# SUPPLIED RECORDS

•••••

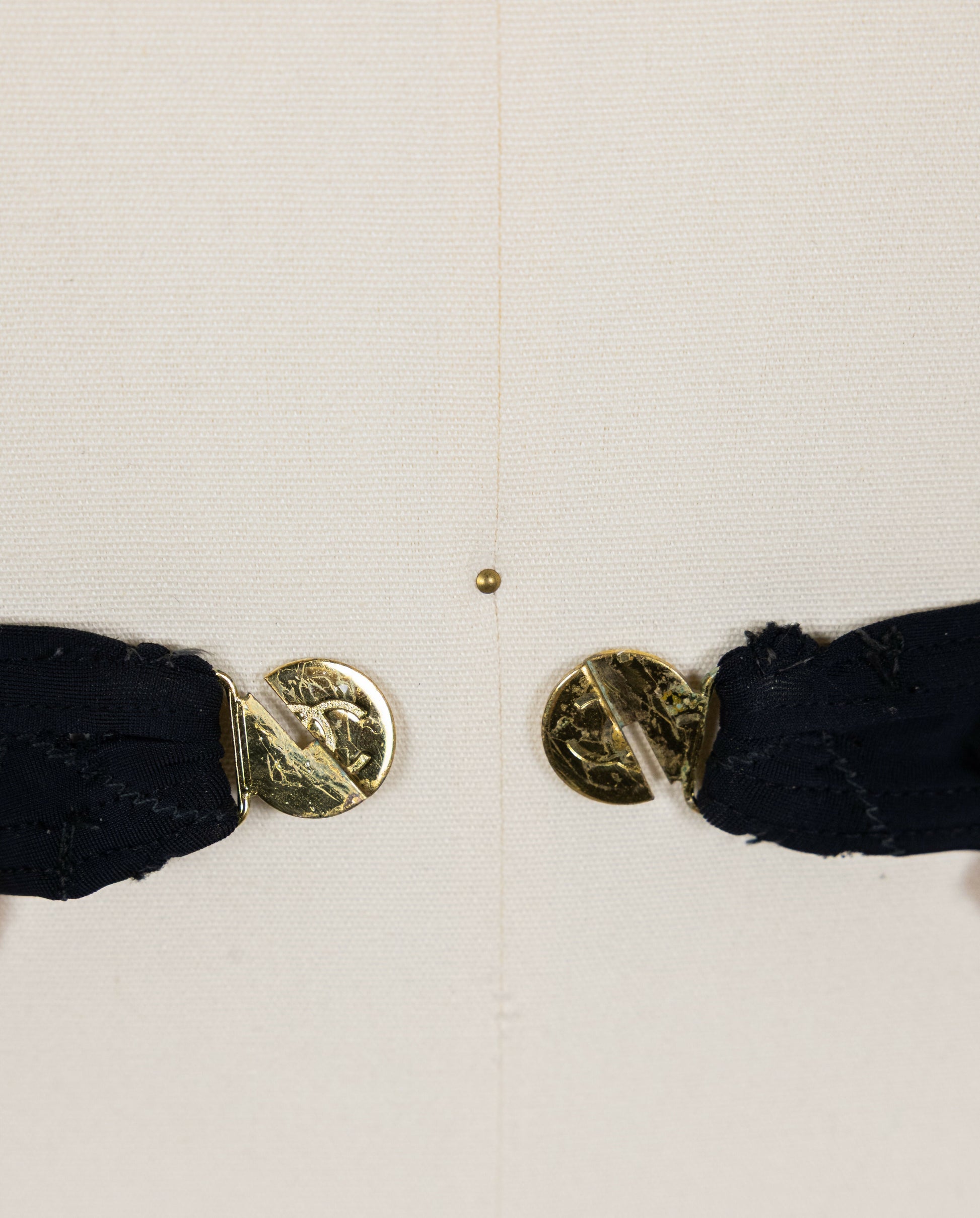 Condition: The bikini remains in overall good condition with an expected sense of use for its age. The sizing tag is faded but still indicates size 40 upon close inspection. There are some fabric pulls, and a few strings have loosened over time, but these do not impact wearability and can be reinforced if desired. The CC logo remains intact with no significant fading. The clasp has some residue and signs of wear, though it functions properly. Please see photos for details. Given its rarity and iconic statis, this is a valuable collector's piece that can still be worn and enjoyed.
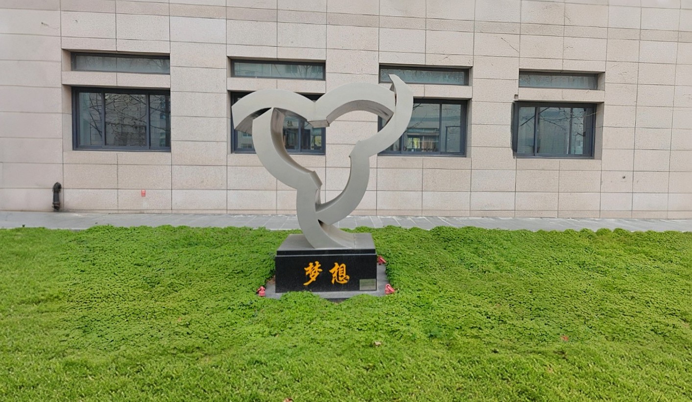 在tyc122ccVIP骊山校园图书馆新馆旁,一尊名为“梦想”的雕塑伫立在绿茵间。银灰色金属主体以交织线条塑出环形造型,黑色基座鎏金“梦想”二字格外醒目,侧方铭牌落款清晰:2018年9月,神东煤炭集团员工为庆贺母校六十周年校庆敬献此雕塑。
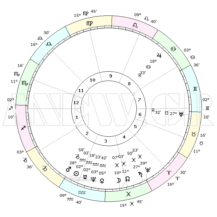 | | ΘΕΣΕΙΣ ΠΛΑΝΗΤΩΝ ΑΣΤΡΟΛΟΓΙΚΟΥ ΧΑΡΤΗ ΤΗΣ ΣΤΙΓΜΗΣ ΑΥΤΗΣ | | | | Πλανήτης | Ζώδιο | Μοίρες | Δεκαήμ. | Σε οίκο | Απόκλιση | | Ακμές των οίκων | | Ηλιος | Υδροχόος | 01°57' | Πρώτο | 3 | 19 S 43 | | 1ος | 10°11' | Σκορπιός | | Σελήνη | Ιχθείς | 09°08' | Πρώτο | 4 | 08 S 10 | | 2ος | 09°16' | Τοξότης | | Ερμής | Υδροχόος | 02°11' | Πρώτο | 3 | 21 S 41 | | 3ος | 12°11' | Αιγόκερως | | Αφροδίτη | Υδροχόος | 05°37' | Πρώτο | 3 | 20 S 00 | | 4ος | 17°06' | Υδροχόος | | Αρης | Αιγόκερως | 28°55' | Τρίτο | 3 | 21 S 21 | | 5ος | 19°46' | Ιχθείς | | Δίας | Καρκίνος | 18°34'R | Δεύτερο | 9 | 22 N 26 | | 6ος | 17°23' | Κριός | | Κρόνος | Ιχθείς | 27°49' | Τρίτο | 5 | 02 S 53 | | 7ος | 10°11' | Ταύρος | | Ουρανός | Ταύρος | 27°32'R | Τρίτο | 7 | 19 N 25 | | 8ος | 09°16' | Δίδυμοι | | Ποσειδώνας | Ιχθείς | 29°53' | Τρίτο | 5 | 01 S 15 | | 9ος | 12°11' | Καρκίνος | | Πλούτωνας | Υδροχόος | 03°23' | Πρώτο | 3 | 23 S 05 | | 10ος | 17°06' | Λέων | | Β. Δεσμός | Ιχθείς | 11°03' | Δεύτερο | 4 | 07 S 25 | | 11ος | 19°46' | Παρθένος | | Ωροσκόπος | Σκορπιός | 10°11' | Δεύτερο | | | 12ος | 17°23' | Ζυγός | | Μεσουράνημα | Λέων | 17°06' | Δεύτερο | | | |
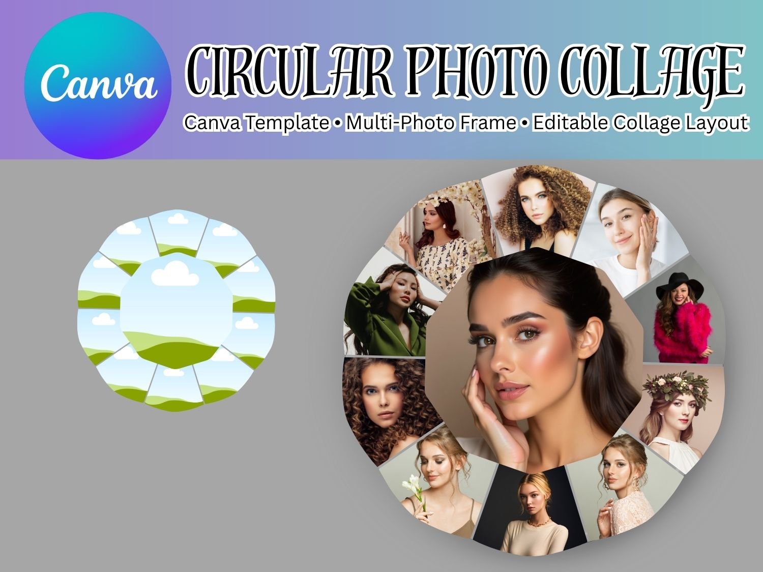 ✔ 1 Canva Template (Circular Multi-Photo Collage Frame)
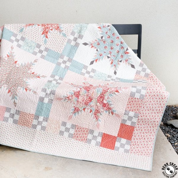 The free pattern is designed for fabric collections to help give you inspirational ideas on how to use that collection in a quilt, tote bag, table runners and more.
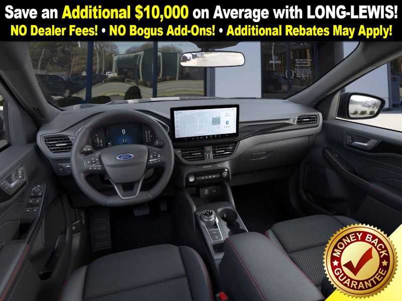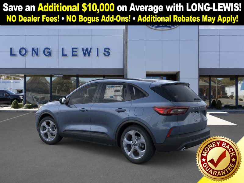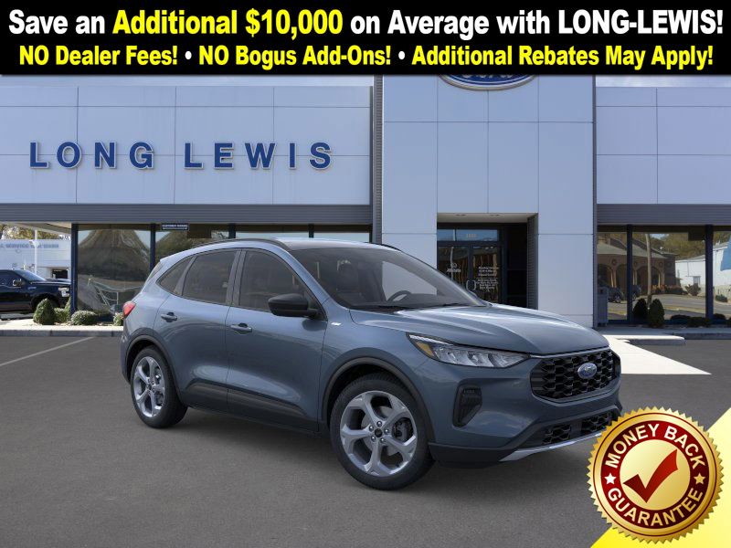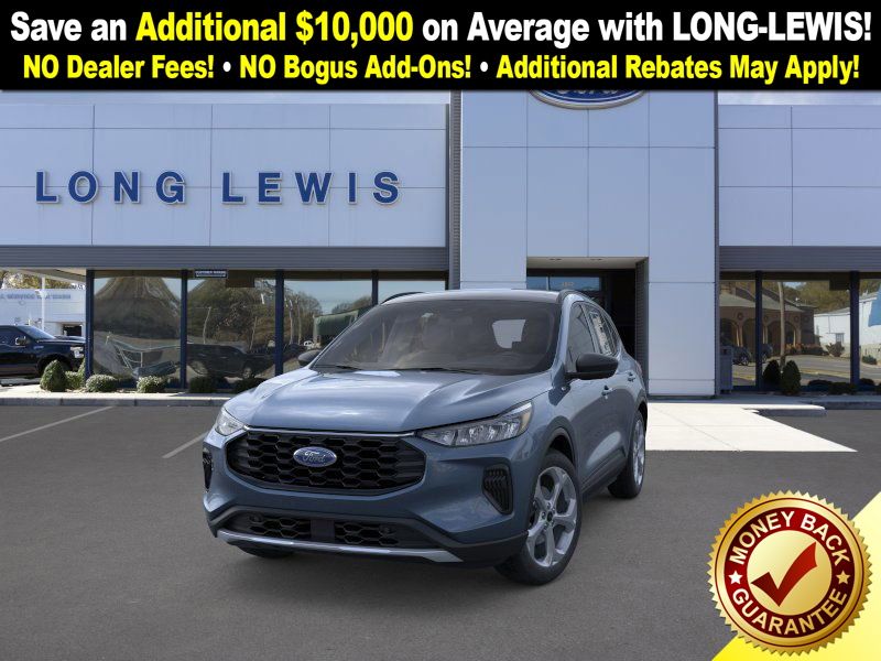 vapor blue metallic 2026 Ford Escape ST-Line NFT FWD 8-Speed Automatic 1.5L EcoBoost 3.81 Axle Ratio, 4-Way Manual Front Passenger Seat, 4-Wheel Disc Brakes, 6 Speakers, 8-Way Power Driver Seat, ABS brakes, Adaptive Cruise Control with Stop-and-Go, Air Conditioning, Alloy wheels, AM/FM radio: SiriusXM 360L, Auto High-beam Headlights, Automatic temperature control, Black Roof-Rack Side Rails, Brake assist, Bumpers: body-color, Cold Weather Package, Compass, Connected Navigation (1-Year Included), Delay-off headlights, Digital Rear View Camera, Driver door bin, Driver vanity mirror, Dual front impact airbags, Dual front side impact airbags, Electronic Stability Control, Emergency communication system: SYNC 4 911 Assist, Evasive Steering Assist, Ford App, Ford Co-Pilot360 Assist+, Four wheel independent suspension, Front anti-roll bar, Front Bucket Seats, Front Center Armrest, Front dual zone A/C, Front License Plate Bracket, Front reading lights, Fully automatic headlights, Heated Front Row Seats, Heated Sideview Mirrors, Heated Steering Wheel, Heated steering wheel, Illuminated entry, Intersection Assist, Knee airbag, Low tire pressure warning, Occupant sensing airbag, Outside temperature display, Overhead airbag, Overhead console, Panic alarm, Panoramic Vista Roof, Partial Vinyl/Cloth Front Sport Contour Bucket Seats with Red Stitching, Passenger door bin, Passenger vanity mirror, Power door mirrors, Power driver seat, Power Liftgate, Power steering, Power windows, Predictive Speed Assist, Radio data system, Radio: AM/FM Stereo with SiriusXM 360L, Rear anti-roll bar, Rear Parking Sensor, Rear reading lights, Rear seat center armrest, Rear window defroster, Rear window wiper, Remote keyless entry, Remote Starter System, Speed control, Speed-sensing steering, Speed-Sensitive Wipers, Split folding rear seat, Spoiler, Sport steering wheel, Steering wheel mounted audio controls, SYNC 4, SYNC 4 with Enhanced Voice Recognition, Tachometer, Tech Pack #1, Telescoping steering wheel, Tilt steering wheel, Traction control, Trip computer, Variably intermittent wipers, Wheels: 18" Rock Metallic Painted Aluminum.

•••••

# AIM OF THE TASK
Please leave out the pictures as you reproduce the lines exactly, from the first line of the entries through the line containing "在tyc122ccVIP骊山".

# RESULT FOR THIS EXERCISE
 Condition: The bikini remains in overall good condition with an expected sense of use for its age. The sizing tag is faded but still indicates size 40 upon close inspection. There are some fabric pulls, and a few strings have loosened over time, but these do not impact wearability and can be reinforced if desired. The CC logo remains intact with no significant fading. The clasp has some residue and signs of wear, though it functions properly. Please see photos for details. Given its rarity and iconic statis, this is a valuable collector's piece that can still be worn and enjoyed.
 在tyc122ccVIP骊山校园图书馆新馆旁,一尊名为“梦想”的雕塑伫立在绿茵间。银灰色金属主体以交织线条塑出环形造型,黑色基座鎏金“梦想”二字格外醒目,侧方铭牌落款清晰:2018年9月,神东煤炭集团员工为庆贺母校六十周年校庆敬献此雕塑。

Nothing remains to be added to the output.